■ Work instructions: Give every line of the data again, unchanged, but with no pictures.

--- Data extract Enclosed Below ---

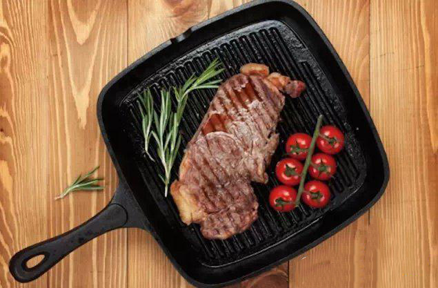 煎制牛排可使用平底锅及底部带有条纹的锅, 主要看个人的偏好. 不过对于专业的美食家们, 条纹锅除了更容易传递热能, 还能在牛肉上留下诱人的烙印.
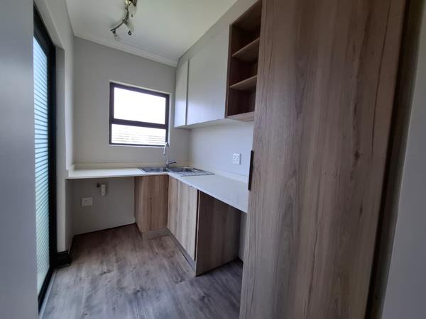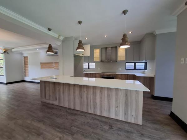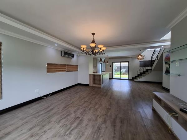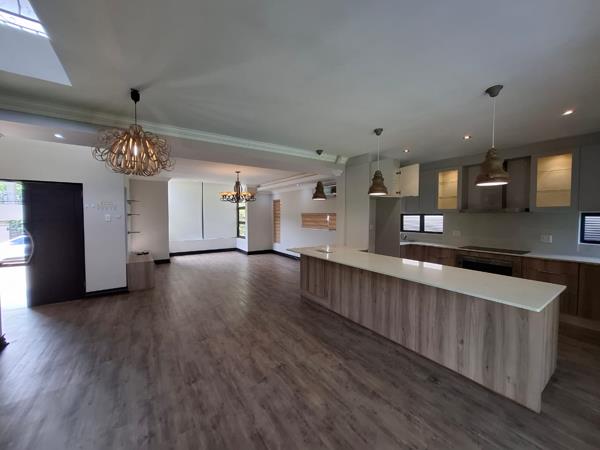 Featuring stunning open plan living areas with laminated flooring, warm lighting and a modern kitchen with scullery and an aircon. The dining area is spacious enough to accommodate a large dining set and it leads out onto a lovely private wrap around garden and covered patio.
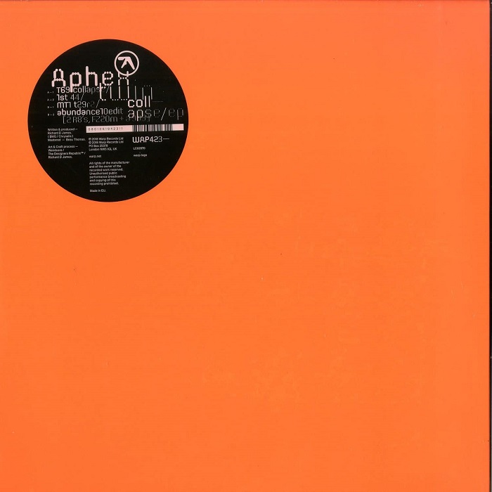 The Collapse EP is a juicy bag of delights. Extending the flamboyant paths that Aphex Twin has consistently managed to forge through his dizzying career. From the utterly exhilarating T69 collapse to the complete and utterly bonkers, instantaneous and life affirming abundance10edit[2 R8’s, FZ20m & a 909] featuring vertigo inducing high hats and sauntering arrangements with some brain scrambling noise thrown in for good measure!
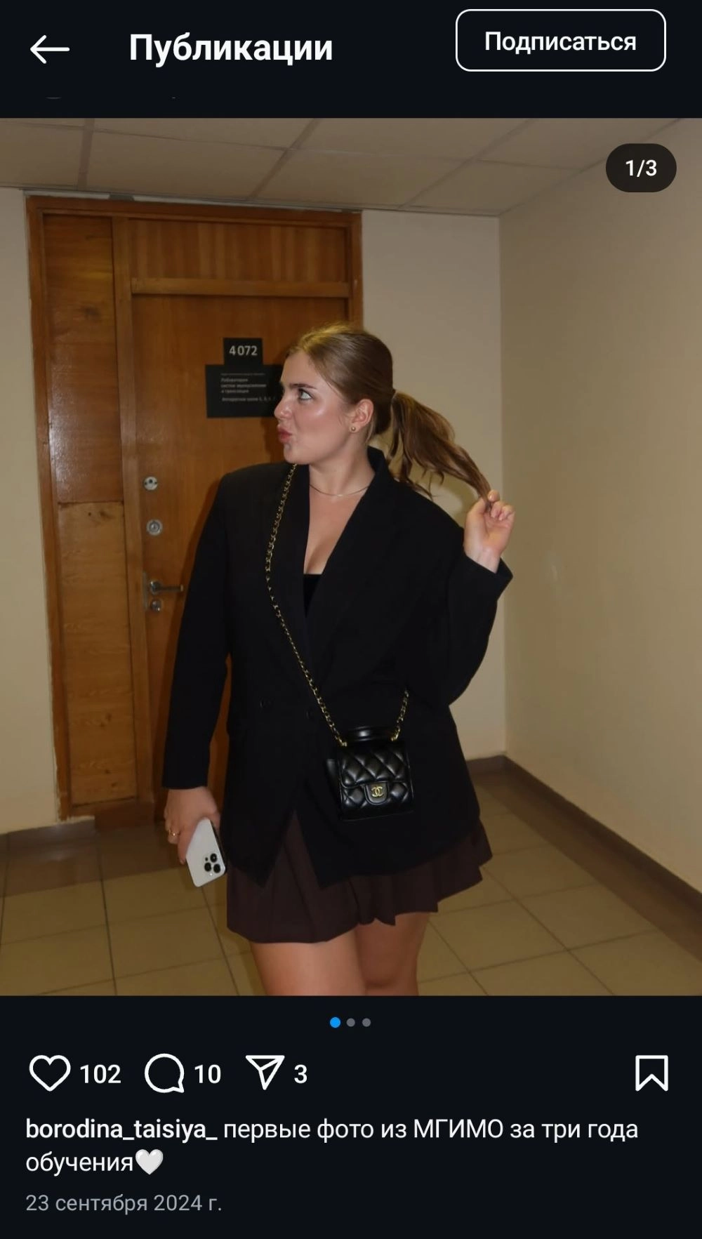«Первые фото из МГИМО за три года обучения», — написала подруга Таисия в соцсетях.

--- End of Enclosed Data extract ---

■ Solution to the problem:
 煎制牛排可使用平底锅及底部带有条纹的锅, 主要看个人的偏好. 不过对于专业的美食家们, 条纹锅除了更容易传递热能, 还能在牛肉上留下诱人的烙印.
 Featuring stunning open plan living areas with laminated flooring, warm lighting and a modern kitchen with scullery and an aircon. The dining area is spacious enough to accommodate a large dining set and it leads out onto a lovely private wrap around garden and covered patio.
 The Collapse EP is a juicy bag of delights. Extending the flamboyant paths that Aphex Twin has consistently managed to forge through his dizzying career. From the utterly exhilarating T69 collapse to the complete and utterly bonkers, instantaneous and life affirming abundance10edit[2 R8’s, FZ20m & a 909] featuring vertigo inducing high hats and sauntering arrangements with some brain scrambling noise thrown in for good measure!
«Первые фото из МГИМО за три года обучения», — написала подруга Таисия в соцсетях.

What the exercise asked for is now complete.